Ce petit espace, plein de poussière et de boue, est cependant un des lieux les plus agréables qui
soient au monde. C’est un des points rares sur la terre où le plaisir s’est concentré. Le Parisien y vit,
le provincial y accourt, l’étranger qui y passe s’en souvient comme de la rue de Tolède à Naples,
comme autrefois de la Piazetta à Venise. Restaurants, cafés, théâtres, bains, maisons de jeu, tout s’y
presse; on a cent pas à faire: l’univers est là. De l’autre côté du ruisseau ce sont les Grandes-Indes.
Vous ne connaissez sûrement pas, Madame, les mœurs de ce pays étrange qu’on a nommé le
boulevard de Gand. Il ne commence guère à remuer qu’à midi. Les garçons de café servent
dédaigneusement quiconque déjeune avant cette heure. C’est alors qu’arrivent les dandys; ils
entrent à Tortoni par la porte de derrière, attendu que le perron est envahi par les barbares, c’est-àdire les gens de la Bourse. Le monde dandy, rasé et coiffé, déjeune jusqu’à deux heures, à grand
bruit, puis s’envole en bottes vernies. Ce qu’il fait de sa journée est impénétrable: c’est une partie
de cartes, un assaut d’armes, mais rien n’en transpire au dehors et je ne vous le confie qu’en secret.
Le boulevard de Gand, pendant le jour, est donc livré à la foule qui s’y porte depuis trois heures
environ jusqu’à cinq. Tandis que les équipages poudreux règnent glorieusement sur la chaussée, la
foule ignorante ne se promène que du beau côté parce que le soleil y donne. Quelle pitié! Il n’en
faut pas moins remarquer en passant la taille fine de la grisette, la jolie maman qui traîne son
marmot, le classique fredon du flâneur et le panache de la demoiselle qui sort de sa répétition. À
cinq heures, changement complet: tout se vide et reste désert jusqu’à six heures; alors les habitués
de chaque restaurant paraissent peu à peu et se dirigent vers leurs mondes planétaires. Le rentier,
amplement vêtu, s’achemine vers le Café Anglais avec son billet de stalle dans sa poche, le courtier
bien brossé, le demi fashionnable vont s’attabler chez Hardy; de quelques lourdes voitures de
remise débarquent de longues familles anglaises qui entrent au Café de Paris sur la foi d’une mode
oubliée; les cabinets du Café Douix voient arriver deux ou trois parties fines, visages joyeux, mais
inconnus. Le Club de l’Union s’illumine et les équipages s’y arrêtent; les dandys sautillent çà et là
avant d’entrer au Jockey Club. À sept heures, nouveau désert; quelques journalistes prennent le café
pendant que tout le monde dîne. À huit heures et demie, fumée générale; cent estomacs digèrent et
cent cigares brûlent; les voitures roulent, les bottes craquent, les cannes reluisent, les chapeaux sont
de travers, les gilets regorgent, les chevaux caracolent; c’est le beau moment. Les femmes, que la
fumée suffoque1 et qui abhorrent cet affreux tabac, arrivent à point nommé, cela va sans dire; elles
se pressent, s’entassent, toussent et bavardent; le monde dandy s’envole de nouveau; ces messieurs
sont au théâtre et ces dames pirouettent. À dix heures, les fumeurs ne restent plus qu’en petit
nombre, et les femmes, qui commencent à respirer, s’en vont.
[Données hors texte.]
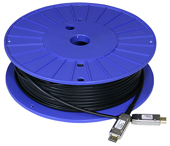 「HDMI AOC」は、HDMI信号を外部電源なしで最長150mまで延長することができるHDMIケーブル。光ファイバーを採用し、外部電磁波ノイズに強く、細径かつ軽量なので取り回しや敷設がしやすい。
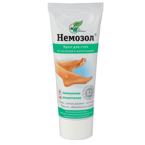 Крем косметический от мозолей и натоптышей, с противогрибковым действием «НЕМОЗОЛ» Обеспечивает избавление от натоптышей и мозолей после 2–3-х применений. Прекрасно питает и защищает кожу стоп. Эффективно смягчает кожу и предупреждает образование трещин и слоистых образований. Препятствует развитию отеков. Предотвращает появление неприятного запаха, сохраняет ощущение свежести и чистоты в течении всего дня. НАЗНАЧЕНИЕ: – при мозолях и натоптышах – наличие в составе мочевины, салициловой и молочной кислот, экстракта чеснока способствует размягчению грубых кожных наслоений и корня мозоли, отшелушиванию эпидермиса; – при грибковом поражении и неприятном запахе стоп – комплекс экстрактов чистотела, бергамота, дуба, чеснока, листьев березы в сочетании с винилином, триклозаном и эфирными маслами лимона и чайного дерева оказывает антимикробное действие, препятствует появлению неприятного запаха; – для улучшения состояния кожи стоп – облепиховое масло, экстракт прополиса, экстракты растений прекрасно питают и защищают кожу, уменьшают покраснение и припухлость. Основными преимуществами данного крема являются мягкое снятие ороговевшего слоя, что намного эффективнее и безопаснее аппаратного педикюра (особо рекомендуется больным с сахарным диабетом (диабетическая стопа), при склонности к образованию трофических изменений на коже) и продолжительное воздействие (оказывает противогрибковое и антимикробное действие, блокирует появление неприятного запаха на весь рабочий день). Крем содержит натуральные компоненты, которые предотвращают появление неприятного запаха, сохраняют ощущение свежести и чистоты в течение всего дня. Крем питает и увлажняет кожу стоп, смягчает огрубевшие участки. Способствует профилактике образования натоптышей и трещин на коже стоп. Входящие в состав натуральные кислоты способствуют быстрому, мягкому и безопасному избавлению от мозолей и натоптышей.Действие
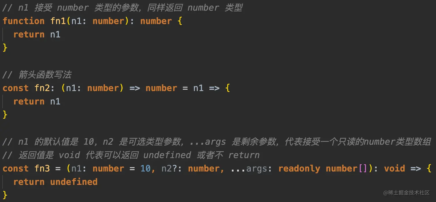 - 同样也可以声明返回值的类型,不过也可以不写让 TS 自动推导
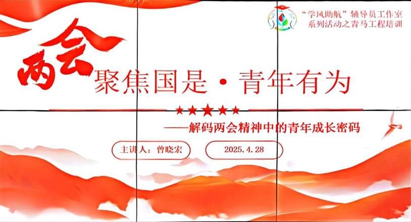 为深入学习贯彻全国两会重要内容及精神,准确把握两会精神实质,引导广大团员和青年关注国家大事,增强政治意识,厚植爱党爱国情怀,强化作为团员青年的使命担当,凝聚奋进前行力量。英国365上市公司于202542813:00在智联楼B307顺利开展了2024-2025学年“青马工程”暨团学骨干培训第一讲。本次培训由公司党总支书记曾晓宏主讲,培训主题为“聚焦国是·青年有为——解码两会精神中的青年成长密码”。
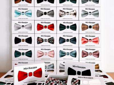 Mirrikauppa sai alkunsa vuonna 2016 omasta tarpeesta ja halusta tuoda laaja valikoima erilaisia rusetteja tarjolle helposti tilattavaksi Suomesta. Jälleenmyynnin jälkeen rinnalle tuli aika pian myös oma edelleen laajeneva mallisto, joka kattaa kotimaiset Nâru-poronnahkarusetit, pellavarusetit, farkkurusetit, korkki- ja samettirusetit, puuvillarusetit ja taskuliinat, kaikki omin käsin tehtyjä. Mirrikaupasta siis ehkä maan laajin valikoima erilaisia rusetteja niin arkeen kuin juhlaankin. Valikoimaan lisättiin myös korvakorut, joten tarjolla on myös naisille asusteita. Katso mallisto täältä.
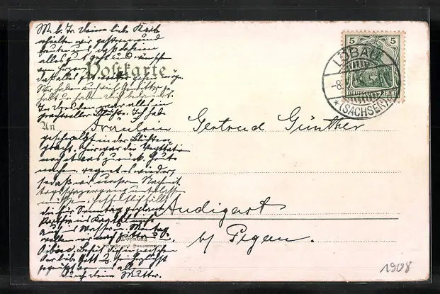 alte Ansichtskarte, gelaufen 1908, guter Zustand

La compagnie, qui était plus que mêlée, devient de plus en plus mauvaise; on entend, dans la
solitude, le crieur du journal du soir; les désœuvrés seuls tiennent bon. À onze heures et demie les
spectacles se vident; on se casse le cou devant Tortoni pour prendre une glace avant de s’aller
coucher; il s’en avale mille dans une soirée d’été. À minuit un dandy égaré reparaît un instant; il est
brisé de sa journée, il se jette sur une chaise, étend son pied sur une autre, avale un verre de
limonade en bâillant, tape sur une épaule quelconque, en manière d’adieu, et s’éclipse. L’homme au
gaz arrive, tout s’éteint. Quelques groupes restent encore; on se sépare en fumant, au clair de la
lune; une heure après, pas une âme ne bouge et trois ou quatre fiacres patients attendent seuls
devant le Café Anglais des soupeurs qui ne sortiront qu’au jour.
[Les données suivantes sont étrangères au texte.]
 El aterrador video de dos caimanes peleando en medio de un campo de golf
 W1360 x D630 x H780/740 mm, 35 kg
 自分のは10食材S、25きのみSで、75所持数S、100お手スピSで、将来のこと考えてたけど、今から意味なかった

Voilà, Madame, le fidèle portrait du boulevard de Gand. Et, me direz-vous peut-être, quels plaisirs
extraordinaires y trouve-t-on? Il faut savoir d’abord que c’est un paradis masculin et que, par
conséquent, il me serait difficile de vous le faire comprendre. Je ne vous ai peint que le dehors. Ce
qu’il faudrait vous montrer maintenant, c’est le dedans, l’intérieur des indigènes, l’âme du
boulevard en un mot, et comment m’y prendrai-je?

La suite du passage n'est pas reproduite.